Visceral audio-visual live art; leveraging the edifying convergence of noise music with electroacoustic processes, neurofeedback and ASD (Autism Spectrum Disorder).

Présenté par : Matt Rogerson 

The aim for this performance-research project explores how EEG (Electroencephalography) and neurofeedback facilitated sensory overload can lead to new performance paradigms, mediated through a particularly idiosyncratic yet revealing interface for musical expression: the autistic cognition. The research adopts an interdisciplinary, practice-based  methodology; incorporating facets of generative electronic music, psychoacoustics, audio-reactive visuals and performance/endurance art.

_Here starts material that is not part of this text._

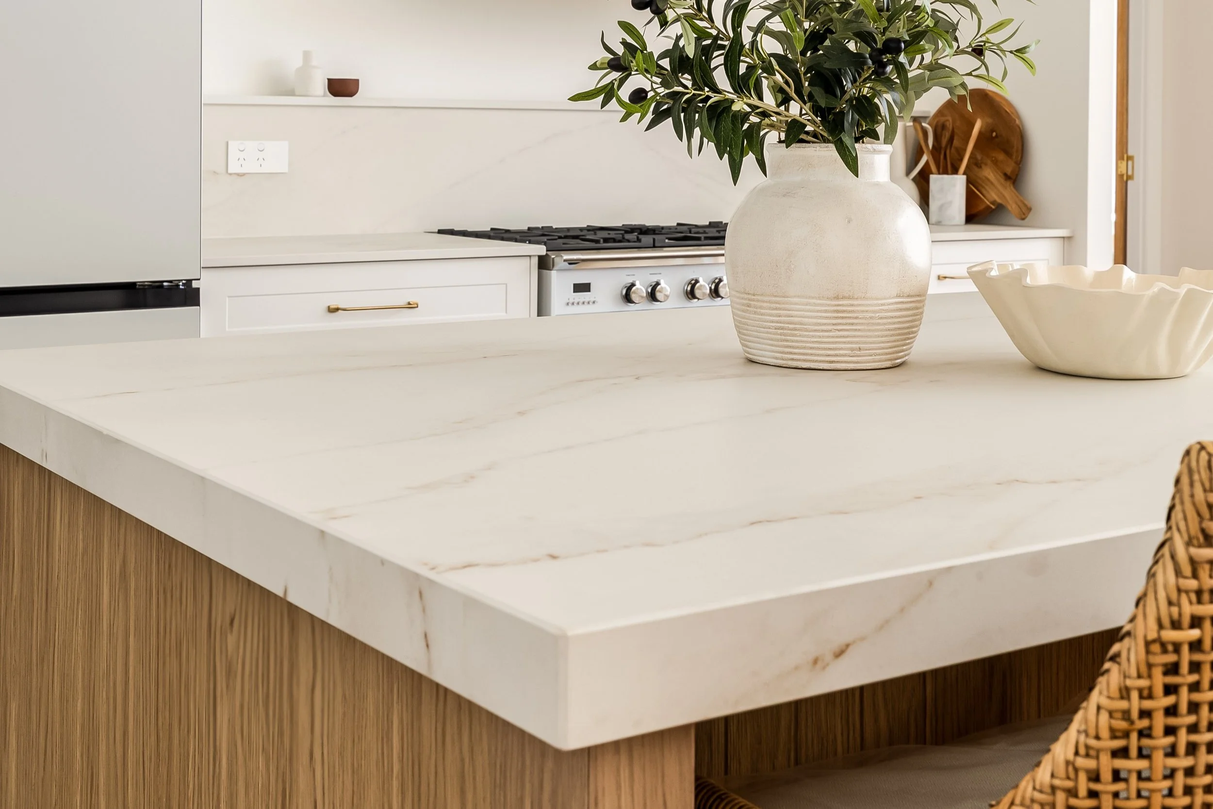 Kitchen - Dekton Rem - 60mm Island with Butler sink, 20mm to back run including half height splashback with capping.

The main body of work for the research encompasses the design of 'provocative’ sounds, i.e. sounds tailored to induce sensory overload specific to the performers/researchers autistic ontology. These sounds are curated towards parameters established via a reflexive autoethnographic research methodology. The has then deliberated potential arrangements for the sounds, which then influences the nature of their generative programming in tandem with gathered EEG data to produce an open 'neurofeedback' loop; a dynamic sonic and performance ecology in which the performer is subject to.


The performance-project utilises commercially available EEG and BCI (brain-computer interface) technology to engender an electroacoustic performance ecology, manifest as a durational endurance art performance, in which the parameters of bespoke virtual ‘provocative systems’ produce sonic events that are determined and modulated by the preceding audio stimuli via neurofeedback. The events are tailored to stimulate the performers autistic cognition, insofar as 'provoking' it into an embodied cognitive sensory arrest. This transgressive performance method is intended to elucidate an auto-ethnographic representation of the augmentative capabilities of ASD, in addition to reconfigure the social metanarratives that bracket, over-pathologize and disempower the autistic ontology.